Home | | Latest | About | Random
# 03a Further understanding: Equivalence relations.
We have encountered this notion of **row equivalence**, where we denote $$
A \stackrel{\text{row}}\sim B
$$if $A$ can be brought to become $B$ via a sequence of elementary row operations. Verbally we say "$A$ is row equivalent to $B$" when you see $A \stackrel{\text{row}}\sim B$.
And if you want to denote "$A$ is **not** row equivalent to $B$", you can write $A \stackrel{\text{row}}{\not\sim} B$ or $A\ \cancel{\stackrel{\text{row}}\sim} B$. Make the strike-through line clear enough to indicate it.
We make a few, perhaps, "obvious" observations here:
- (1) For any matrix $A$, we have $A \stackrel{\text{row}}\sim A$.
- Indeed, if we just scale a row by $1$, we get the original matrix back.
- (2) For any two matrices $A$ and $B$, if $A \stackrel{\text{row}}\sim B$, then $B \stackrel{\text{row}}\sim A$.
- Indeed, since elementary row operations are all reversible, if we can bring $A$ to $B$ via a sequence of elementary row operations, then we can bring $B$ back to $A$ via a sequence of corresponding elementary row operations.
- (3) For three matrices $A,B,C$, if $A \stackrel{\text{row}}\sim B$ and $B \stackrel{\text{row}}\sim C$, then we have $A \stackrel{\text{row}}\sim C$.
- Indeed, if we can bring $A$ to $B$ via a sequence of elementary row operations, and $B$ to $C$ via a sequence of elementary row operations, then we can certainly bring $A$ to $C$ via a sequence of elementary row operations -- we just need to continue the operations from $B$!
Let us use some fancy words to describe these properties of $\stackrel{\text{row}}\sim$ on matrices:
- Since every matrix is row equivalent to itself, we say $\stackrel{\text{row}}\sim$ is **reflexive**.
- Since if $A \stackrel{\text{row}}\sim B$ implies $B \stackrel{\text{row}}\sim A$, we say $\stackrel{\text{row}}\sim$ is **symmetric**.
- And if $A \stackrel{\text{row}}\sim B$ and $B \stackrel{\text{row}}\sim C$, implies we have $A \stackrel{\text{row}}\sim C$, we say $\stackrel{\text{row}}\sim$ is **transitive**.
So $\stackrel{\text{row}}\sim$ is **reflexive**, **symmetric**, and **transitive**.

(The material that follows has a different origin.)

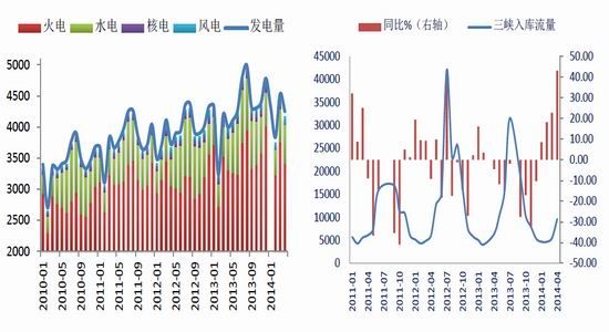 近一個(gè)月以來,南方雨水較為充沛,水電對(duì)火電的影響成為了市場關(guān)注的熱點(diǎn)。從三峽入庫流量來看,今年4月三峽平均入庫流量9622立方米/秒,同比上漲43.18%,較往年有所提前。從各種發(fā)電方式的占比來看,今年風(fēng)電、核電及其他發(fā)電方式占總發(fā)電量的比例沒有變化,而水電發(fā)電量的提升擠壓了火電市場,今年4月水電發(fā)電量占發(fā)電總量的15%,火電占80%,而去年4月水電占總量的13%,火電占82%。

We now make some definitions.
We say $\sim$ is a **binary relation** on a collection of objects $X$ if for any two objects $a,b$ n $X$, either $a\sim b$ is true, or $a\sim b$ is false. In the case where $a\sim b$ is false, we write $a\not\sim b$. Essentially, $\sim$ is a function on an ordered pair $(a,b)$ of things from $X \times X$, and assigning to this ordered pair true or false.
And if a binary relation $\sim$ on a collection of objects $X$ is
- (1) reflexive, namely for any $a\in X$, we have $a\sim a$;
- (2) symmetric, namely for any $a,b \in X$, $a \sim b$ implies $b\sim a$; and
- (3) transitive, namely for any $a,b,c\in X$, if $a\sim b$ and $b\sim c$ then $a\sim c$,
then we say $\sim$ is an **equivalence relation** on this collection of objects.
So $\stackrel{\text{row}}\sim$ is an **equivalence relation** on matrices!
Before we think about why we might care, let us think about some relations that we know, and think about whether they are equivalence relations or not. Do you think $=$ on the real numbers is an equivalence relation? How about $<$ on the real numbers? What about the notion of geometric congruence of geometric figures on the plane?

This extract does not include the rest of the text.